Lack of trust can make data centric companies vulnerable to disruption in the long term, even if network effects offer a protection in the short term. One sure way not to gain trust is having to say “Trust us.”

*Cross-side network effects: The more sellers on a platform, the more value for buyers. More buyers join and more sellers follow. As a seller builds a profile full of five star reviews, switching becomes costly. Lock-in can also arise from same-side network effects. In a social platform, value for a user increases with more users.

Mistaken like a human

Traditionally, computers process data quite differently from how human brains do so. Computers are designed for precision while human brains rely on intuition. With artificial intelligence (#AI), or more specifically, deep learning and neural networks, one idea is to mimic the way human brains work. Does this mean that the hardware, or the body also needs to change? Are CPUs and GPUs not up to the task anymore?

Graphcore.ai claims so, and argues that CPUs and even GPUs are out, and IPUs are in. Graphcore’s #IPU stands for intelligence processing units and is prone to imprecision by design. It is a high-performance computing unit that processes data very imprecisely.

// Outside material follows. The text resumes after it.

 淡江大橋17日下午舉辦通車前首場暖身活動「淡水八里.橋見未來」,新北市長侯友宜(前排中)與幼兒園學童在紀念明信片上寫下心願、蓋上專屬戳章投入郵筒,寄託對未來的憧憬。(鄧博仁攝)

Consider a task like going to a restaurant. A human brain wouldn’t calculate the GPS coordinates but use associations; e.g., recall the restaurant’s name, its neighborhood, and neighboring shops. The difference resembles one between Boolean logic and fuzzy logic, and is true.

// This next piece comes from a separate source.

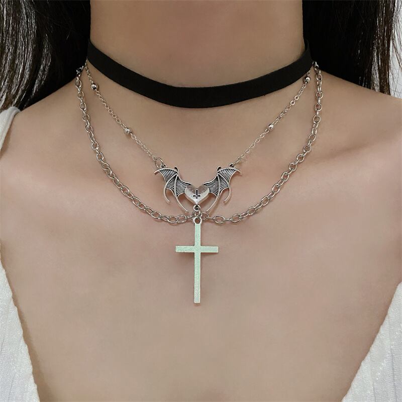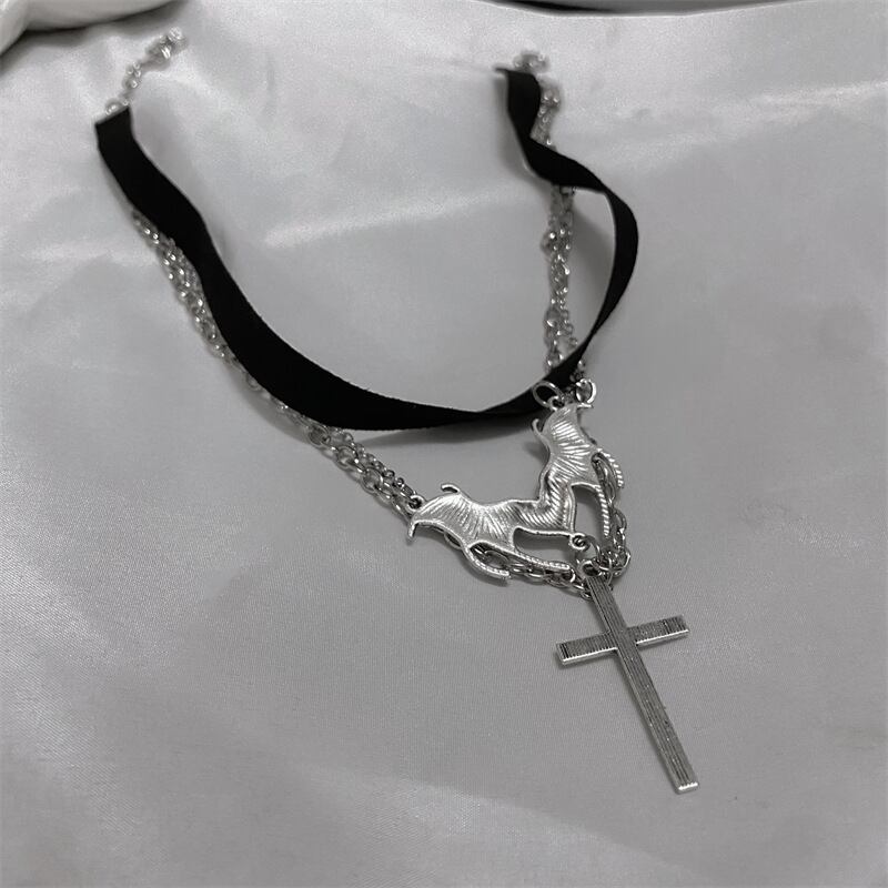 - 十字架とハートモチーフを組み合わせた、3連デザインのチョーカーネックレスです。

What is under the hood, or hardware, matters. One component of achieving data centricity is building an infrastructure that fits the objective, and successful data centric companies know they need to invest in it.

Analyzing data to do nothing

With an increasing availability of data and off-the-shelf analysis tools, interventions are thriving.

Interventions rarely create value. Rarity is expected simply because the probability of noise is often disproportionately higher. However, larger amounts of data exacerbate the problem of finding value in interventions while none exists. E.g., a frequentist test using a 0.01 p-value threshold would justify an intervention if the probability of an effect occurring by chance is less than 1%. This probability gets smaller with more data, not because the intervention gains value*. 1% should be a moving target, but it is often treated as a fixed one. It should be adjusted also for other reasons, such as running multiple tests.

More importantly, it should be adjusted for unintended consequences. While quantifying the consequences is difficult, we can incentivize analytics teams for finding out what not to do. Action is visible but inaction is not. Successful data centric companies should not mistake thoughtful inaction for idleness. On the contrary, they should encourage and reward it.

*Assuming the actual effect is not zero. Valid for most (if not all) problems outside natural sciences.

Has Apple become the -old- Microsoft?

Why old? Well, it would be unfair to compare #Apple with today’s #Microsoft, the owner of #GitHub, a sponsor of Open Source Initiative and proponent of innovation through collaboration and co-creation (!). The exclamation will have to stay for a while.

The fight between #Apple and #Hey (hey.com, a contender to #Gmail) is not a surprise but a reminder that Apple is increasingly in the business of value capture, not creation. The gist of the story is, Apple forces Hey to sell subscriptions on its iOS platform but Hey refuses because the cost of doing so is a 30% commission for every subscriber. You can find the details in Kara Swisher’s article: nyti.ms/3ebfyvL

Apple seems to be stuck with incremental one-sided ideas, another iPhone with a larger screen or “dark mode” on its iOS platform, and have forgotten the value of co-creation, which propelled the company at the first place. Apple should be encouraging not oppressing experiments like Hey. For that, it is time for Apple to analyze its data from a fresh perspective that is not short-sighted on quarterly revenue, and rethink its model to embrace diversity again. That is what a successful data centric company would do.